What you return should be only the lines in the entries below between the one holding "Salon de jardin" and the one holding "Howdy Partner Cat", ends included, with every picture left out.

Excerpts from a dataset

((

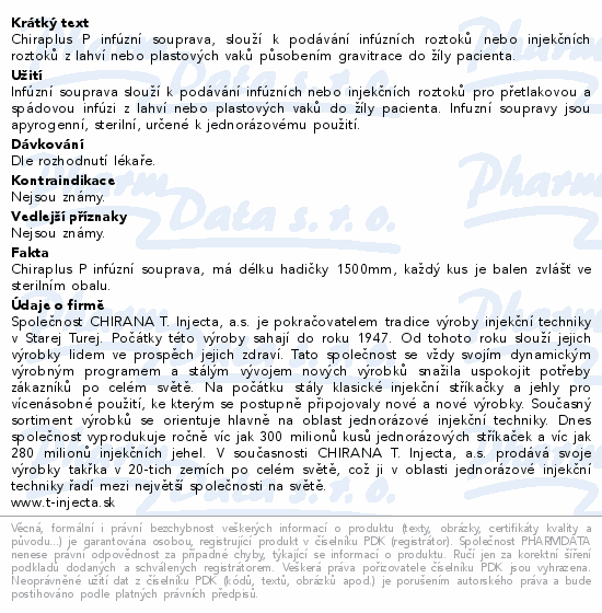 Chiraplus P infúzní souprava, slouží k podávání infúzních roztoků nebo injekčních roztoků z lahví nebo plastových vaků působením gravitrace do žíly pacienta.
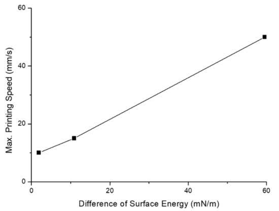 Figure 5 shows the printing patterns obtained at various off speeds for each resin. Referring to the process conditions when using glass- or Si-patterned clichés, the range of the normal printing speed to achieve fine patterns was set from 1 mm/s to 5 mm/s. At 1 mm/s, where the off-speed was slow, there was no significant change in the printing quality, irrespective of the resin used. However, as the off-speed increased to 10 mm/s and 20 mm/s, it was confirmed that a high printing quality could be obtained only when the resin with the highest surface energy was used as the cliché material. When the resin with a surface energy not significantly different from that of the blanket was used as the cliché material, the pattern off process was not effectively performed when the speed was increased. However, when PUA5 with a surface energy of 79.1 mN/m was used, which was considerably different from the surface energy of the blanket, the off process was effective at a high printing speed. Therefore, a high difference in the surface energies of the resin and blanket can enhance the printing speed. Figure 6 shows the results at a printing speed of 50 mm/s using the cliché with high surface energy. Although the speed is nearly 10 times faster than the conventional printing speed, the print quality does not show any sign of deterioration. The relationship between the maximum allowable printing speed and the surface energy difference is expressed by the graph shown in Figure 7. The larger the difference in the surface energy of the blanket and flexible cliché, the larger is the maximum allowable printing speed.
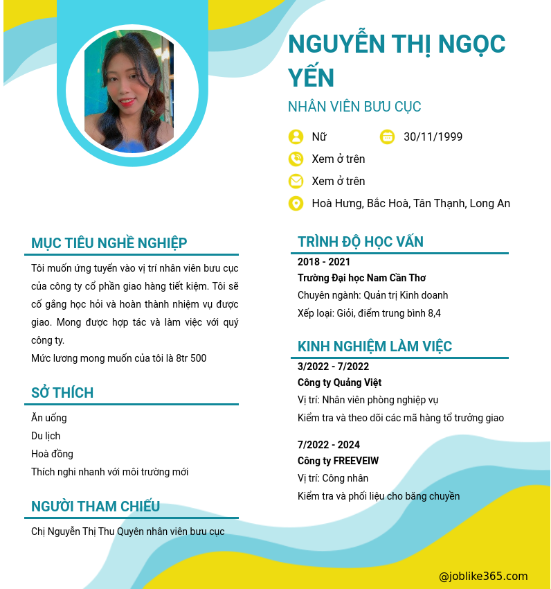 Xem hồ sơ ứng viên NGUYỄN THỊ NGỌC YẾN cần 2 điểm. Hồ sơ được cập nhật ngày: 19/05/2024
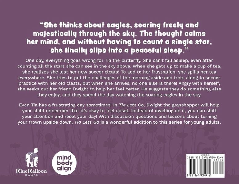 "She thinks about eagles, soaring freely and majestically through the sky. The thought calms her mind, and without having to count a single star, she finally slips into a peaceful sleep." One day, everything goes wrong for Tia the butterfly. She can't fall asleep, even after counting all the stars she can see in the sky above. When she gets up to make a cup of tea, she realizes she lost her new soccer cleats! To add to her frustration, she spills her tea everywhere. She tries to put the challenges of the morning aside and trots along to soccer practice with her old cleats, but when she arrives, no one else is there! Angry with herself, she seeks out her friend Dwight to help her feel better. He suggests they do something else they enjoy, and they spend the day watching the soaring eagles in the sky. Even Tia has a frustrating day sometimes! In Tia Lets Go, Dwight the grasshopper will help your child remember that it's okay to feel upset. Instead of dwelling on it, you can shift your attention and reset your day! With discussion questions and lessons about turning your frown upside down, Tia Lets Go is a wonderful addition to this series for young adults.
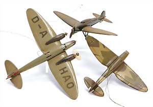 3 Teile, Flugzeuge, D-A HAO, 1 Hoheitszeichen weggekratzt, 2 Jagdflieger, bespielt - gut
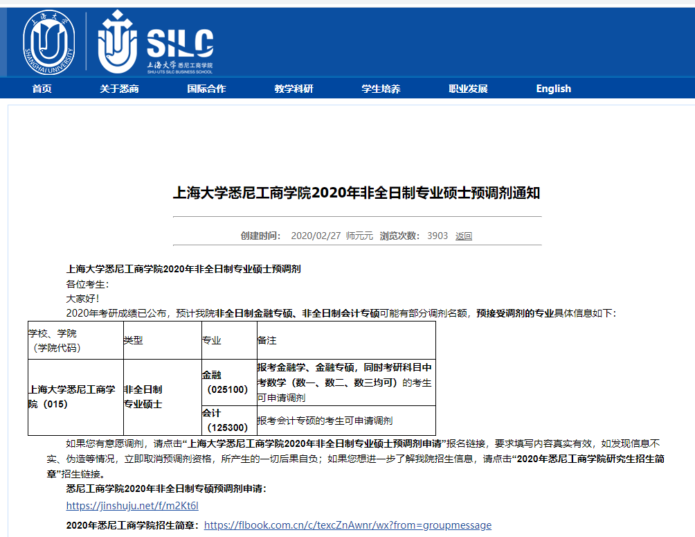 如果您有意愿调剂,请点击“上海拼搏(中国)悉尼工商学院2020年非全日制专业硕士预调剂申请”报名链接,要求填写内容真实有效,如发现信息不实、伪造等情况,立即取消预调剂资格,所产生的一切后果自负;如果您想进一步了解我院招生信息,请点击“2020年悉尼工商学院研究生招生简章”招生链接。
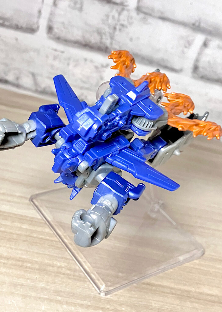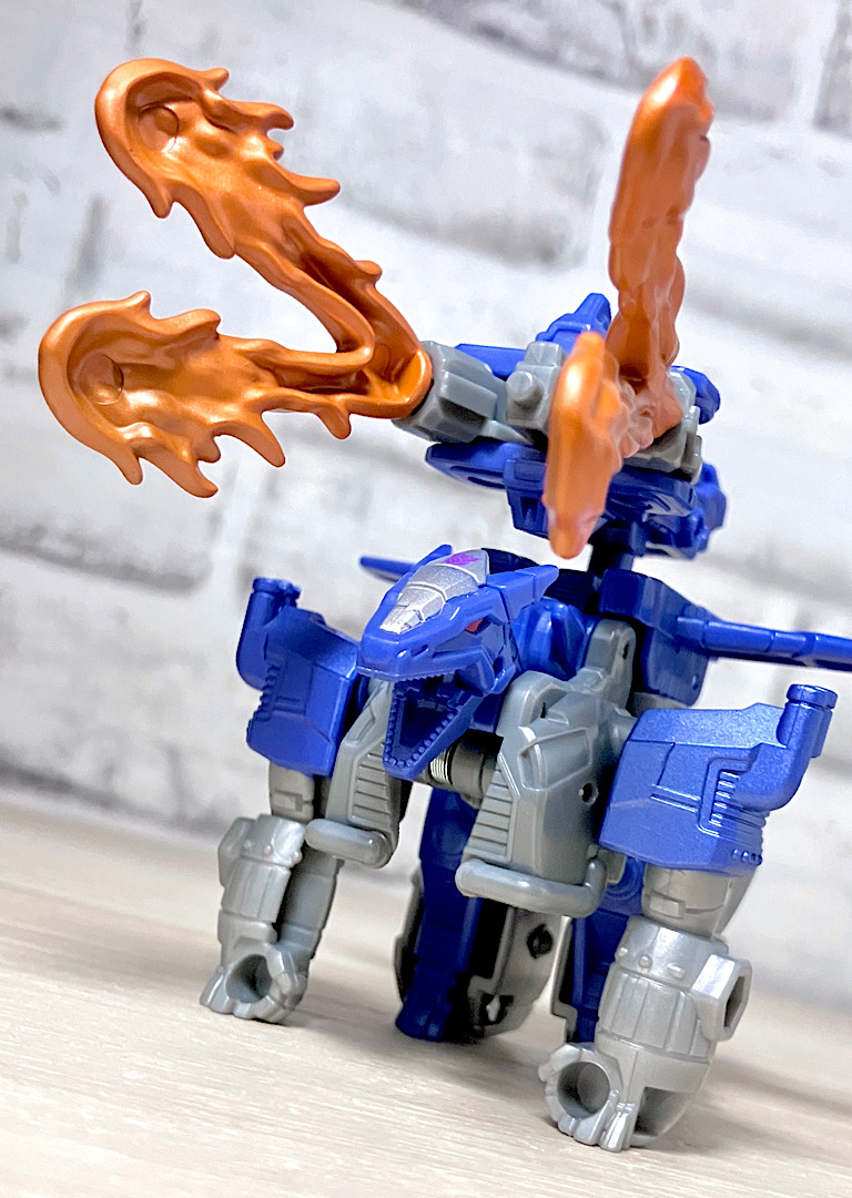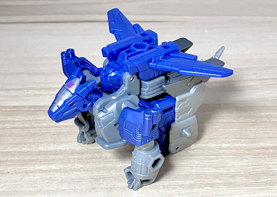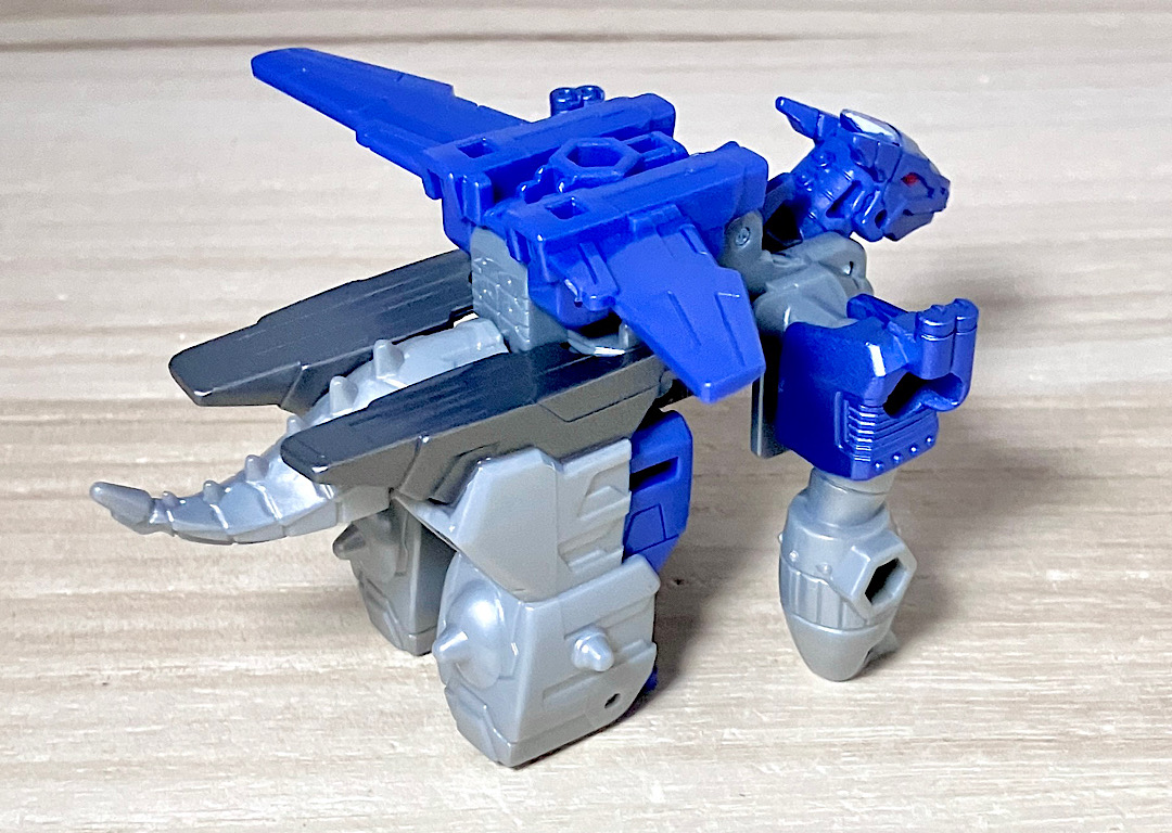 【ビーストモード】ドラゴンに変形。ウイングが付いてちょっとひねったデザインです。ロボの腕がそのまんまなのはキッズ向け簡易アイテムということで多めに見ましょう。ドラゴンのガルバトロンというと、もしかしてビーストウォーズが元ネタ?
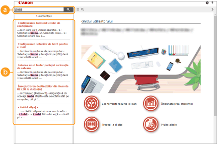 Faceţi clic pe  pentru a afişa fereastra de căutare. Conţine o casetă text pentru a efectua o căutare după cuvinte cheie şi pentru a găsi pagina pe care o căutaţi.
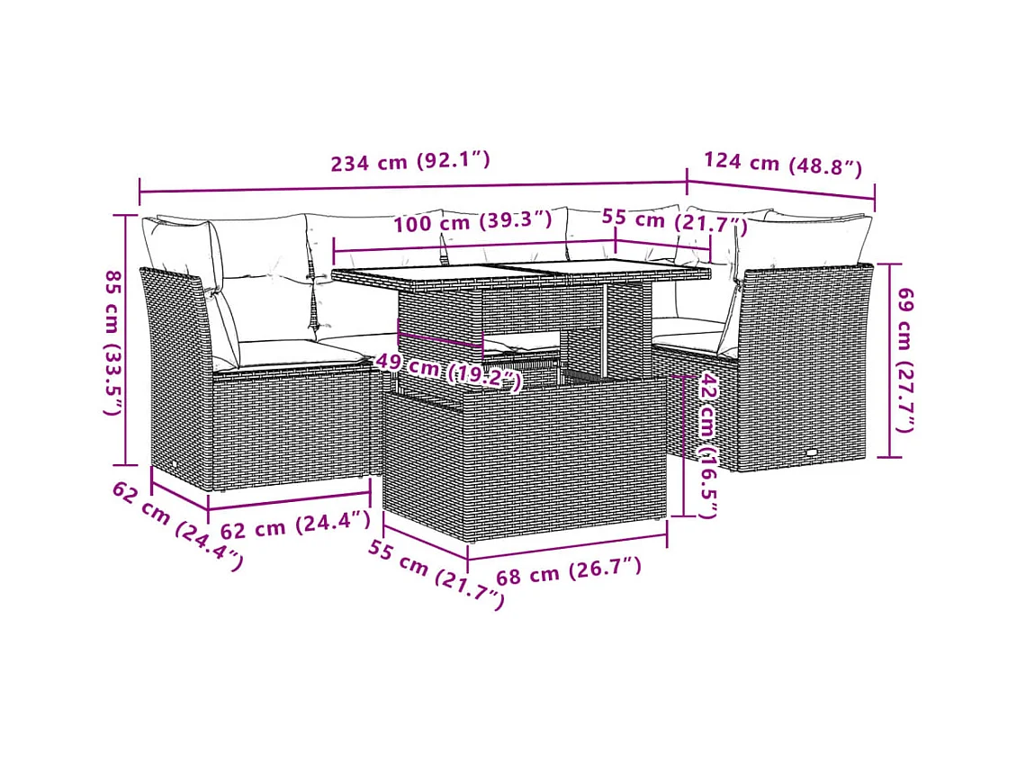 Salon de jardin avec coussins 7 pièces marron résine tressée
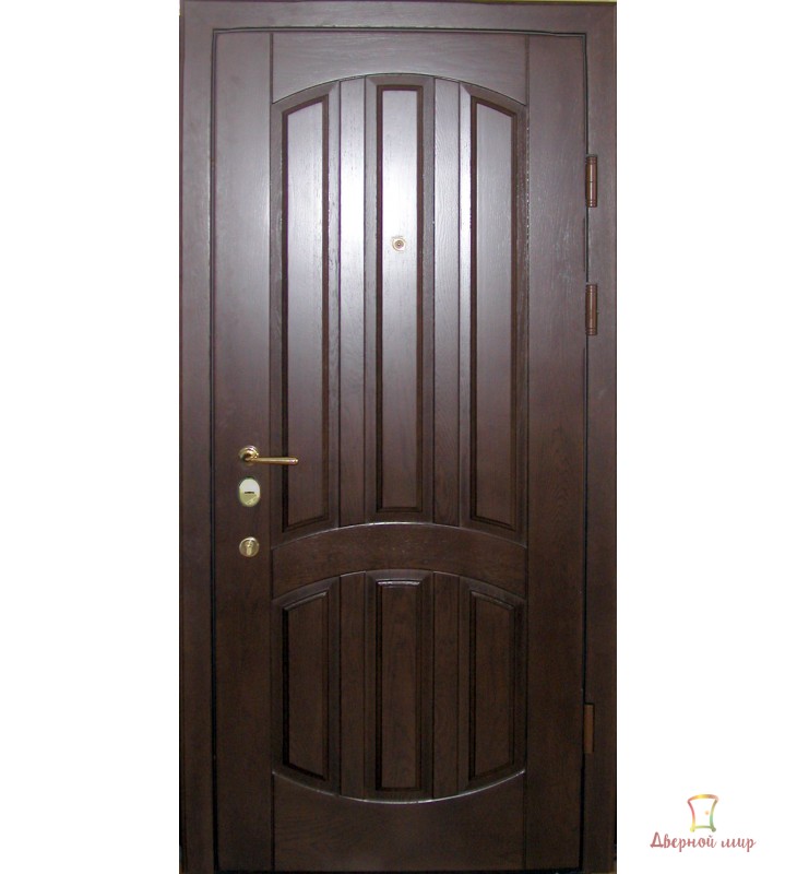 Каркас полотна складається з гнутого профілю, виготовленого з 2-х мм сталі. Полотно має лицьовий лист металу товщиною 2 мм і три П-подібні ребра жорсткості, що робить двері непідвладними механічним впливам ззовні. Каркас полотна покривається декоративними накладками з ясена та інших порід натурального дерева товщиною 16 мм. Усередині полотно утеплюється теплоізолятором IZOTOPRAK. Це робить наші двері звуко- та теплоізоляційними.
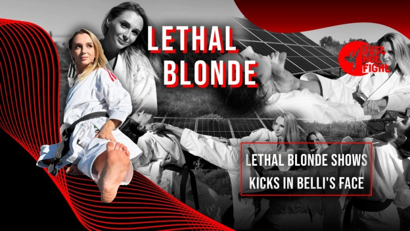 Lethal Blonde wants to show off her karate kicks. Bella had no choice but to agree to be a mannequin. Also, look what happened to her face after that
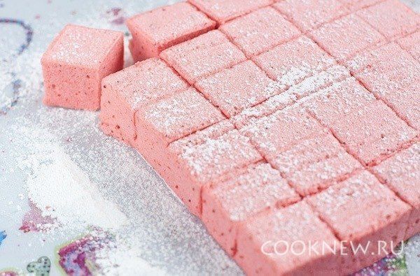 Когда масса застынет, переверните форму на присыпанную сахарной пудрой поверхность и удалите бумагу. Нарежьте кубиками, обваляйте в сахарной пудре и подавайте.
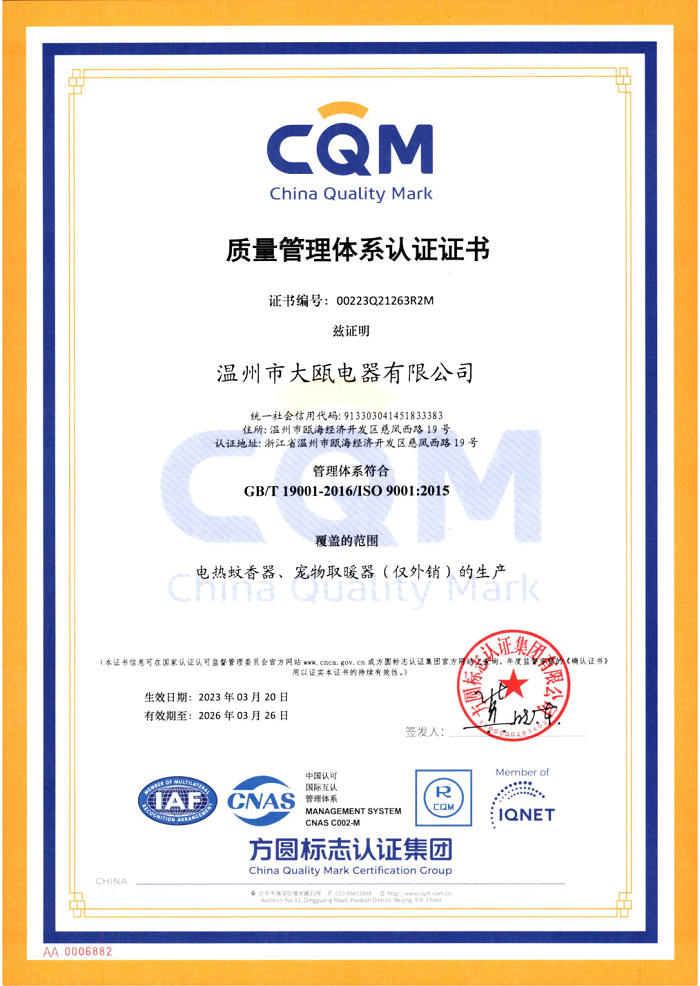 秉承“以人為本,以質取勝”的經營理念,三十余載櫛風沐雨,踐行“成就客戶、價值為本、誠信務實、追求卓越”的核心價值觀。大甌公司堅持以產研一體化的經營模式與差異化的競爭戰略為基點,持續推出細分市場上的多種類產品,豐富產品矩陣,滿足消費者多樣化需求,助力新型驅蚊行業高速發展。
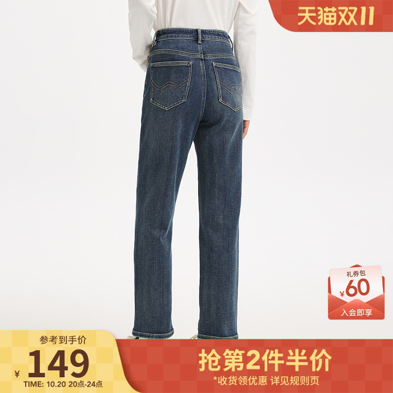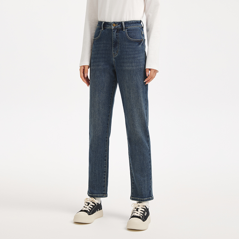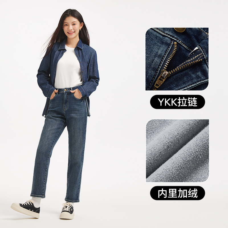 棉感亲肤舒适自在 女士加绒基础直筒牛仔裤 热风2025年冬季 新款
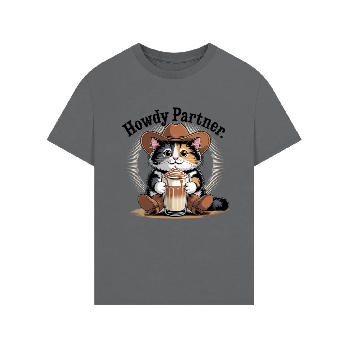 Howdy Partner Cat with Coffee Western Theme T-Shirt
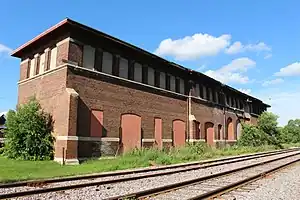 Baraboo station, otherwise known as the Baraboo Chicago & North Western Depot and Division Offices is a former railway station in Baraboo, Wisconsin, built be the Chicago and North Western Railway (C&NW). The depot served both passengers and freight traffic as well as housing the Madison Division offices of the C&NW. The Madison Division covered a 219-mile (352 km) line from Belvidere, Illinois to Medary, Wisconsin. The depot was designed by the team of Frost and Granger, who designed more than 200 depots for the C&NW. This particular depot was built in the Romanesque Revival style.[1] Passenger service to the depot ended in 1963 with the elimination of the Rochester 400. As of 2022, the Sauk County Historical Society hopes to restore the depot into a museum and community gathering space.[2][3]

))

● **Result**
 Salon de jardin avec coussins 7 pièces marron résine tressée
 Каркас полотна складається з гнутого профілю, виготовленого з 2-х мм сталі. Полотно має лицьовий лист металу товщиною 2 мм і три П-подібні ребра жорсткості, що робить двері непідвладними механічним впливам ззовні. Каркас полотна покривається декоративними накладками з ясена та інших порід натурального дерева товщиною 16 мм. Усередині полотно утеплюється теплоізолятором IZOTOPRAK. Це робить наші двері звуко- та теплоізоляційними.
 Lethal Blonde wants to show off her karate kicks. Bella had no choice but to agree to be a mannequin. Also, look what happened to her face after that
 Когда масса застынет, переверните форму на присыпанную сахарной пудрой поверхность и удалите бумагу. Нарежьте кубиками, обваляйте в сахарной пудре и подавайте.
 秉承“以人為本,以質取勝”的經營理念,三十余載櫛風沐雨,踐行“成就客戶、價值為本、誠信務實、追求卓越”的核心價值觀。大甌公司堅持以產研一體化的經營模式與差異化的競爭戰略為基點,持續推出細分市場上的多種類產品,豐富產品矩陣,滿足消費者多樣化需求,助力新型驅蚊行業高速發展。
 棉感亲肤舒适自在 女士加绒基础直筒牛仔裤 热风2025年冬季 新款
 Howdy Partner Cat with Coffee Western Theme T-Shirt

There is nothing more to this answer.